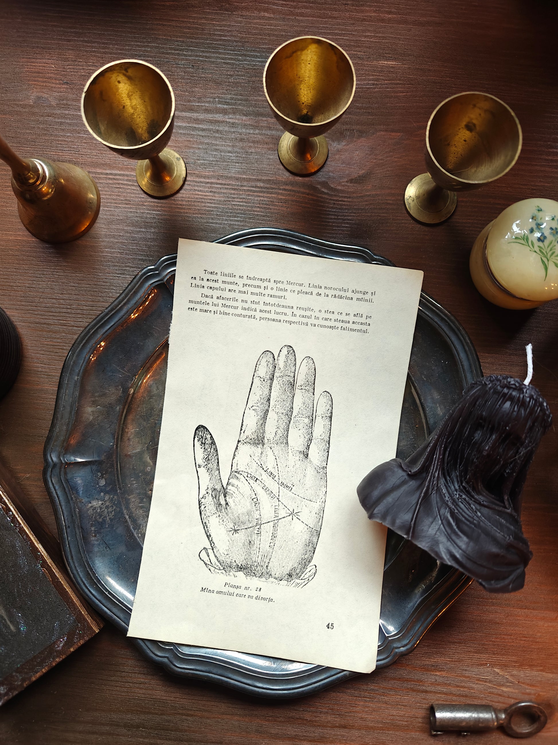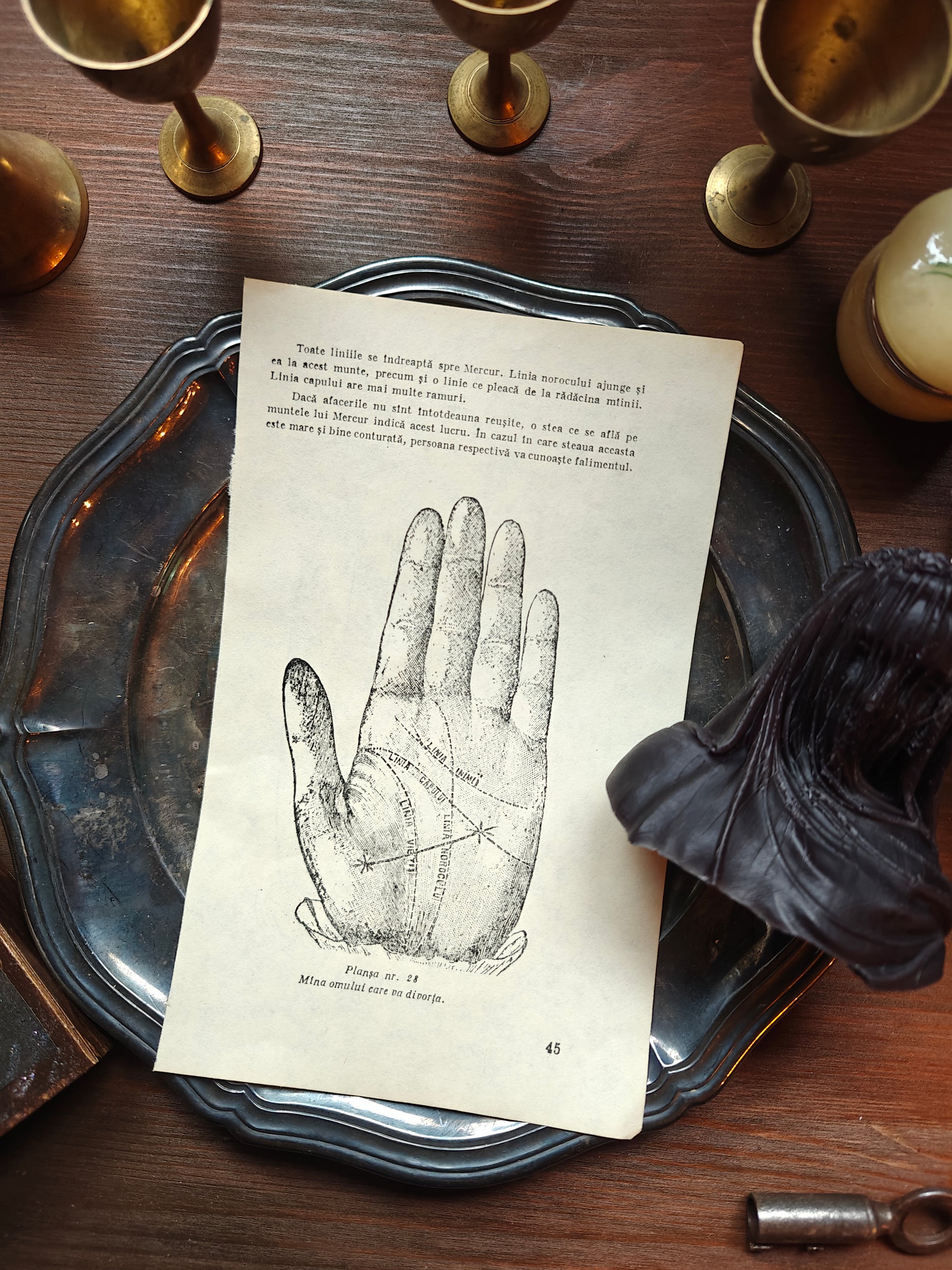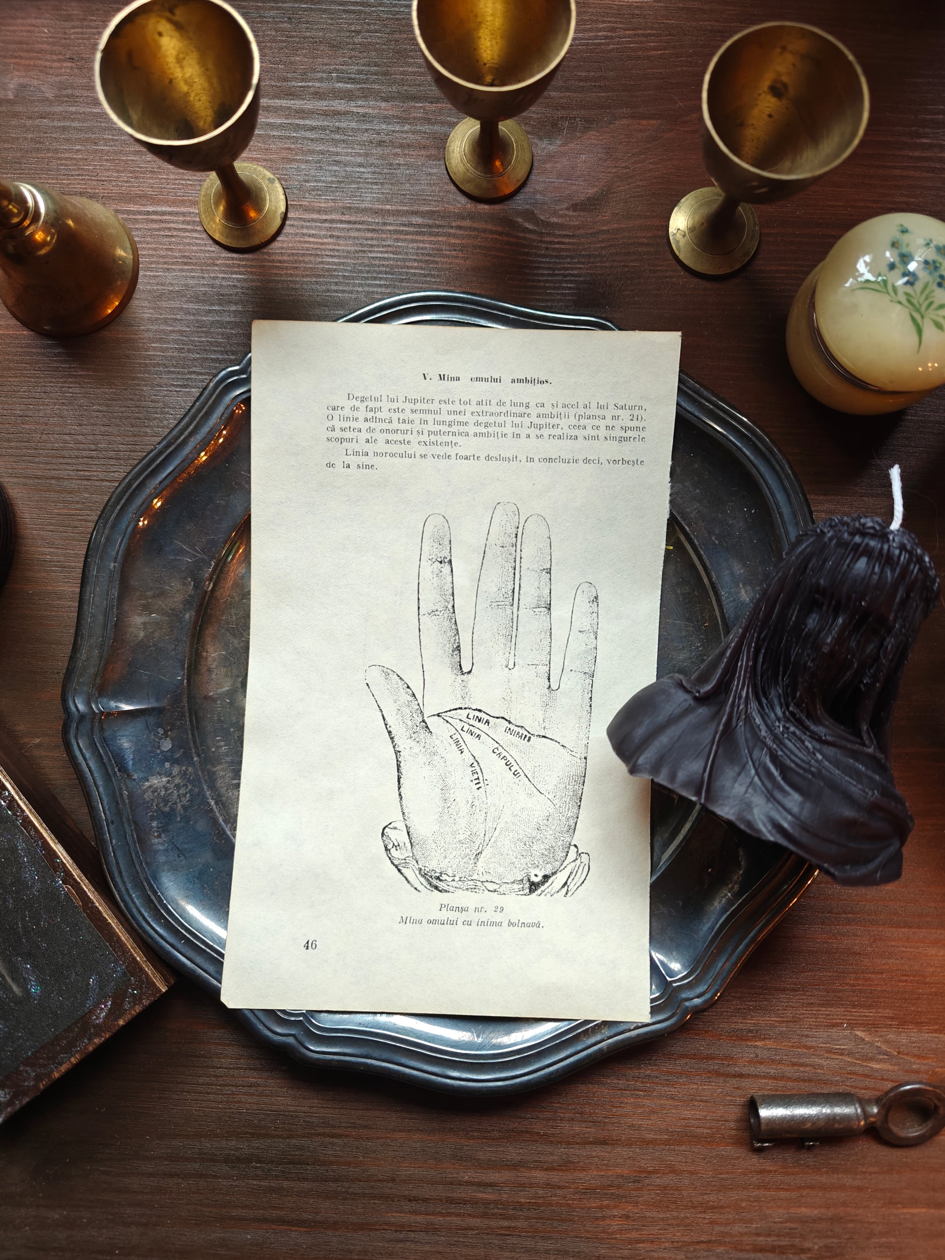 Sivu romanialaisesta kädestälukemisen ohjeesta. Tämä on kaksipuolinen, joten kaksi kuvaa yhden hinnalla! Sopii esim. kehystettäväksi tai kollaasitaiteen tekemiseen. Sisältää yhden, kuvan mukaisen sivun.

= = = = =

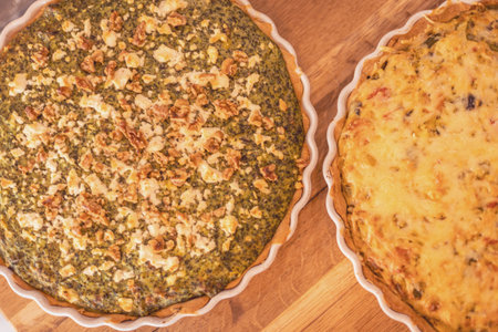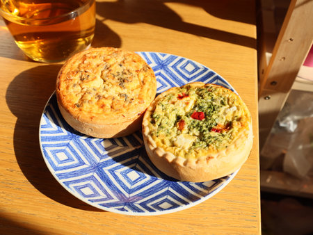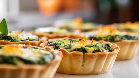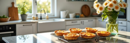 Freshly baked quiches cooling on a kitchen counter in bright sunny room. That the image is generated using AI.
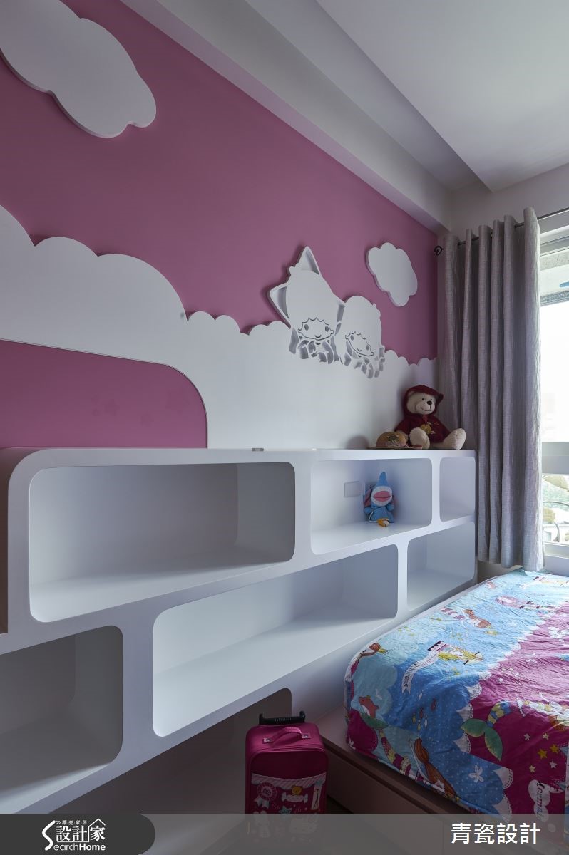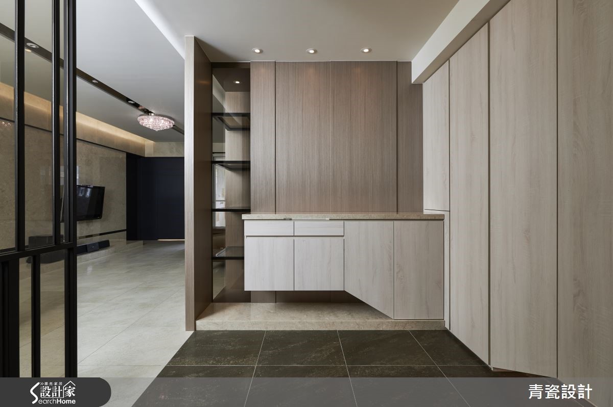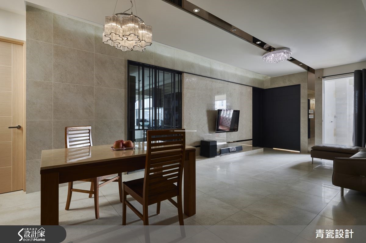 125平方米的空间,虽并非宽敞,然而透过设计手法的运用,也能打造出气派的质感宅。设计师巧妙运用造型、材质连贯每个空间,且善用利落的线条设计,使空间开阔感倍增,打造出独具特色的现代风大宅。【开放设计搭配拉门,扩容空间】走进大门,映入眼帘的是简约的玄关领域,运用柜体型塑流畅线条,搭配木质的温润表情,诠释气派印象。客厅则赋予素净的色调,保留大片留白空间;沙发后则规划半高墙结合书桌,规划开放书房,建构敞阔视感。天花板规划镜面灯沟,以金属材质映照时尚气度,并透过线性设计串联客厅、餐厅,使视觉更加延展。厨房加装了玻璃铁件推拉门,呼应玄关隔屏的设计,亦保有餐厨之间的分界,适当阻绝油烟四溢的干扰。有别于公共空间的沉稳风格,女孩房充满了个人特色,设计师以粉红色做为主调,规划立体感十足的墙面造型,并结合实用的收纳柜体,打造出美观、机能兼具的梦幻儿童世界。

= = = = =

In the records above, everything from the line with "Freshly baked quiches" down to the line with "125平方米的空间,虽并非宽" is to be set down exactly, both ends included, with no pictures and no other lines.

 Freshly baked quiches cooling on a kitchen counter in bright sunny room. That the image is generated using AI.
 125平方米的空间,虽并非宽敞,然而透过设计手法的运用,也能打造出气派的质感宅。设计师巧妙运用造型、材质连贯每个空间,且善用利落的线条设计,使空间开阔感倍增,打造出独具特色的现代风大宅。【开放设计搭配拉门,扩容空间】走进大门,映入眼帘的是简约的玄关领域,运用柜体型塑流畅线条,搭配木质的温润表情,诠释气派印象。客厅则赋予素净的色调,保留大片留白空间;沙发后则规划半高墙结合书桌,规划开放书房,建构敞阔视感。天花板规划镜面灯沟,以金属材质映照时尚气度,并透过线性设计串联客厅、餐厅,使视觉更加延展。厨房加装了玻璃铁件推拉门,呼应玄关隔屏的设计,亦保有餐厨之间的分界,适当阻绝油烟四溢的干扰。有别于公共空间的沉稳风格,女孩房充满了个人特色,设计师以粉红色做为主调,规划立体感十足的墙面造型,并结合实用的收纳柜体,打造出美观、机能兼具的梦幻儿童世界。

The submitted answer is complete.